Artwork
London Types: Sandwich Man

London Types: Sandwich Man is a print by the Impressionist artist William Nicholson. It dates from 1898 and is held in the collection of the Cleveland Museum of Art.
About this work
The sign on his board is about a big painting, which is an interesting detail because it shows what people were interested in back then.
You see a man holding a big sign on the street.
He's wearing a sandwich board, which is a board with signs on both sides.
The sign on his board is about a big painting, which is an interesting detail because it shows what people were interested in back then.

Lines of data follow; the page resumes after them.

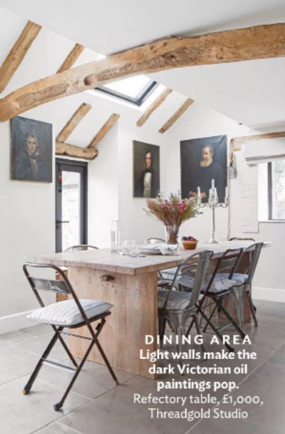
DINING AREA Light walls make the dark Victorian oil paintings pop. Refectory table, £1,000, Threadgold Studio
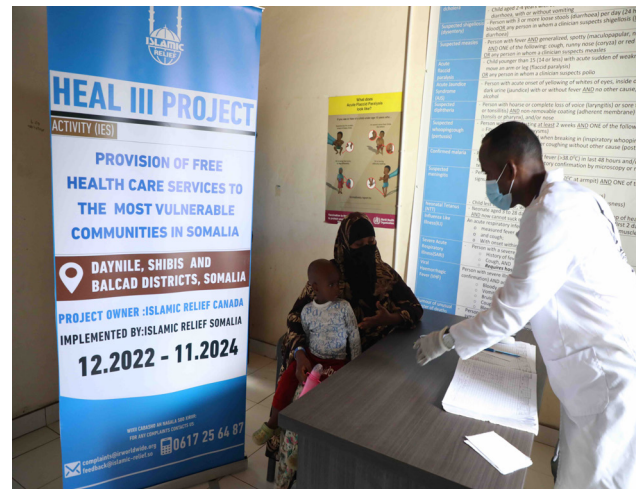
Provision of health support to the vulnerable patients in Mogadishu
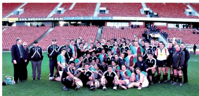
NZ Harlequins Rugby U17 Team versus NZ Area schools 2010
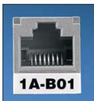
Suggested Label Solutions for TIA/EIA-606-A Compliance
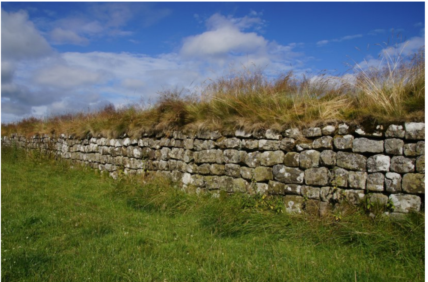
Hadrian's Wall (built AD 122) is the most famous Roman site in Britain and served as one of the

In northern Britain, Hadrian built what is - remarkably, considering the astounding beauty of the Pantheon in Rome, and the fabulous history of his own mausoleum - the most famous of his architectural projects: Hadrian's Wall. At 120 kilometres in length, the wall bisected the territory of the local Brigantes and, as with the German limes , it enabled the Romans to control movement along the wall and use it as a base for further explorations.
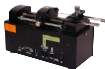
Pump 11 Elite/Pico Plus Elite
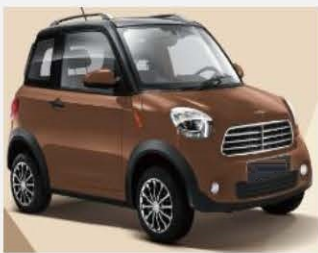
( Golden Brown )

The man in the painting is just one of many people depicted in the series, which is notable because it shows everyday life in London.
The series also includes many women, which was a deliberate choice to represent both men and women equally.
This choice was made because the publisher, William Heinemann, supported equality.
You can learn more about this style by looking at the work of the artist: William Nicholson (British, 1872–1949).
Overview
London Types is a series of prints by William Nicholson, created in the 1890s, capturing the everyday life of London’s streets. Published by William Heinemann, the series presents a candid portrait of urban society through individual figures, each representing a distinct social type. The prints reflect a deliberate effort to portray both men and women with equal attention, offering a balanced view of the city’s working population.
Subject & Meaning
The Sandwich Man depicts a street vendor carrying advertising signage, his posture and attire signaling the labor of the urban working class. The sign he bears promotes Mihály Munkácsy’s large-scale painting Ecce Homo, then on display nearby, linking the print to contemporary cultural interests. This detail grounds the image in its moment, revealing how public art and commerce intersected in late-Victorian London.
Technique & Style
Nicholson employed bold, flat areas of color and simplified forms, drawing from Japanese woodblock prints and the emerging Arts and Crafts aesthetic. Lines are clean and deliberate, with minimal shading, emphasizing the silhouette and posture of each figure. The restrained palette and graphic quality lend the prints a modern, almost poster-like clarity, distinguishing them from more ornate contemporary illustrations.
History & Provenance
Commissioned by publisher William Heinemann, the series was produced between 1897 and 1898 as part of a broader cultural project to document London’s social fabric. Heinemann, an advocate for gender equality, insisted on balanced representation of sexes, a rare editorial directive at the time. The prints were originally issued as a portfolio and later circulated in exhibitions and private collections.
Context
The 1890s saw London’s streets as dynamic spaces of commerce, spectacle, and class interaction. Street vendors, advertisers, and laborers were common sights, and Nicholson’s series captures this without romanticization. The inclusion of a Hungarian artist’s painting on the sign reflects London’s role as a cosmopolitan center, where international art entered public consciousness through commercial channels.
Legacy
London Types remains a significant record of late-Victorian urban life, notable for its quiet dignity and social observation. Nicholson’s approach influenced later documentary illustration and social realism in British art. The series is now held in major collections, valued not for its novelty but for its unembellished depiction of ordinary people in their environment.
Artist & collection
Artist
Sir William Newzam Prior Nicholson (5 February 1872 – 16 May 1949) was a British painter of still-life, landscape and portraits.